Many codes that are still in production use trace their origins to code developed during the vector supercomputing era from the 1970’s to 1990’s. The recently released NEC Vector Engine (VE) provides an opportunity to exploit this vector heritage. The VE can provide state-of-the-art performance without a complete rewrite of a well-validated codebase. Programs do not require an additional level of abstraction to use the capabilities of the VE. Given the time and cost required to port or rewrite codes, this is an attractive solution. Further tuning as described in this paper can realize maximum performance.
The goal was to assess how the NEC VE’s performance and ease of use compare with that of existing CPU architectures (e.g. AMD, Intel) using a legacy Computational Fluid Dynamics (CFD) solver, FDL3DI written in Fortran. FDL3DI was originally vectorized and optimized for efficient operation on vector processing machines. The NEC VE’s architecture, high memory bandwidth and ability to compile Fortran was the primary motivation for this evaluation.

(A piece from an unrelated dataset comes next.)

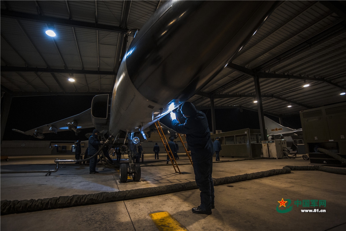 机务官兵精心检查即将升空的战鹰。
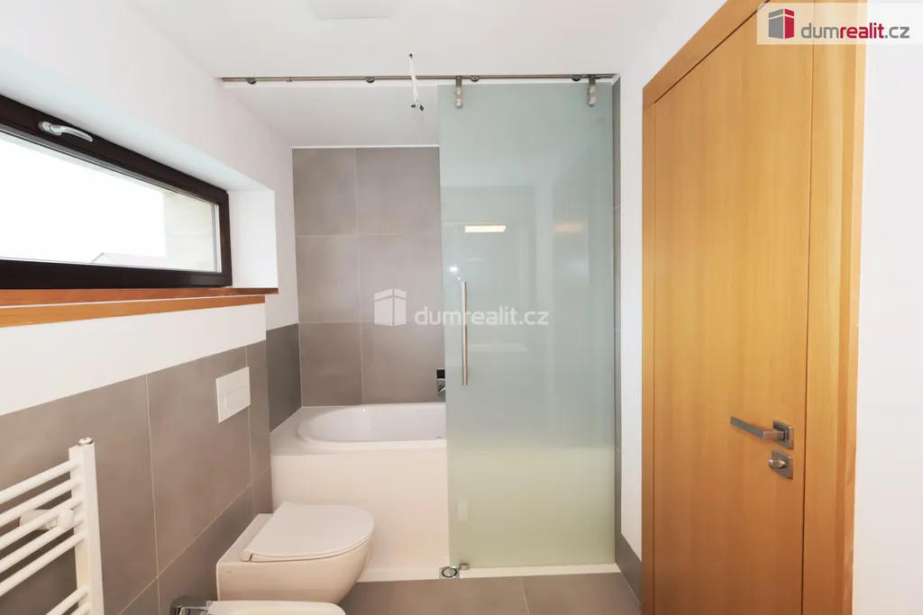 Hledáte nadstandartní dům v blízkosti budoucí stanice metra? Tak právě pro vás zde mám multifunkční, vícegenerační rodinný dům s dispozicí 6+kk v Praze 12 – Libuš, který je vzdálen pouze 2 minuty pěšky od budoucí stanice metra D a je v uzavřeném rezidenčním areálu s dalšími 15 domy. Celková podlahová plocha domu je 285,3 m², jsou zde dvě terasy (73,9 m²), plocha pozemku je 261 m² z toho zahrada má celkem 128 m². Dispozice tohoto moderního, nízkoenergetického domu tvoří v přízemí: prostorný obývací pokoj + kk (63,2 m²) se vstupem na terasu (20,1 m²), pracovna (15 m²) s vlastní koupelnou s WC (4,2 m²) a zádveří (7,5 m²). Po schodišti (6,6 m²) obloženém dřevem se dostaneme do 1. patra (2NP), kde je hlavní ložnice (21 m²) s šatnou a vlastní koupelnou s WC (8,5 m²), dále centrální koupelna (6,6 m²) s WC a bidetem, hala (5,8 m²) a dva dětské pokoje (18,6 + 19,5 m²). Po dalším schodišti se dostaneme do menší chodby (6,3 m²), která velkoformátovým oknem s HS portálem navazuje na panoramatickou terasu 74,4 m², která je z části krytá (prostor na vířivku) a je orientována na východ, sever a západ. Z obývacího pokoje se po schodišti dostaneme do suterénu domu, kde je multifunkční místnost, kterou můžete zcela upravit podle svých potřeb. Tato místnost má nadstandartních 62,4 m² a můžete zde mít opravdu cokoliv – např. samostatnou bytovou jednotku 1+kk s koupelnou a WC, kinomístnost, karaoke, panský klub, fitness anebo svoji soukromou pracovnu (např. pro advokáty, architekty, projektanty, daňové poradce apod.). Tato místnost je nedokončená a je připravena na úpravy dle vašich představ. Místnost má také přístup přímo z garáží – velmi výhodné. V suterénu domu je dále chodba se zádveřím a sklep / tech. místnost (12,3 m²) a komora (5 m²), kde je umístěný plynový kondenzační kotel. Ze suterénu je také vstup na zahradu (98 m²), která je kaskádovitá. Další zahrada je před vstupem do domu (30 m²) ve vnitrobloku. V celém domě je podlahové topení, okna jsou dřevěná, v obývacím pokoji a na terase je HS portál, u všech oken je příprava ne před okenní žaluzie, v domě je zavedeno optické vlákno na internet, podlahy jsou dřevěné vč, obložení schodiště. Vstupní dveře do domu jsou bezpečnostní, interiérové pak také dřevěné s obložkami. V areálu tohoto projektu je klid a soukromí. Osobně mohu doporučit, můj velmi blízký přítel zde bydlí, rád vám jako zájemci o koupi může předat další informace. Tento dům je rohový a celý projekt je umístěn na konci slepé ulice se vstupem do budoucího parku navazují až ke stanici metra D. Velmi vám doporučuji prohlídku tohoto domu 6+kk (285,3 m²), který vás svou velikostí ohromí, dispozicí nadchne, a nakonec chytí za srdce. Kompletní webová prezentace tohoto domu s více fotkami, plánky a informacemi je na našich webových stránkách. Ev. číslo: 655256.

Through profiling and modifying the key compute kernels using typical vector and NEC VE specific optimizations, the code was successfully able to utilize the vector engine hardware with minimal modification of the code. Scalar code developed later in FDL3DI’s lifetime was substituted with vector friendly implementations. With optimizations, this vector architecture was found to be 3× faster for main-memory bound problems with the CPU architectures competitive for smaller problem sizes. This performance using standard well-known techniques is considered to be a key benefit of this architecture.
Keywords
- Vectorization
- CFD
- Optimization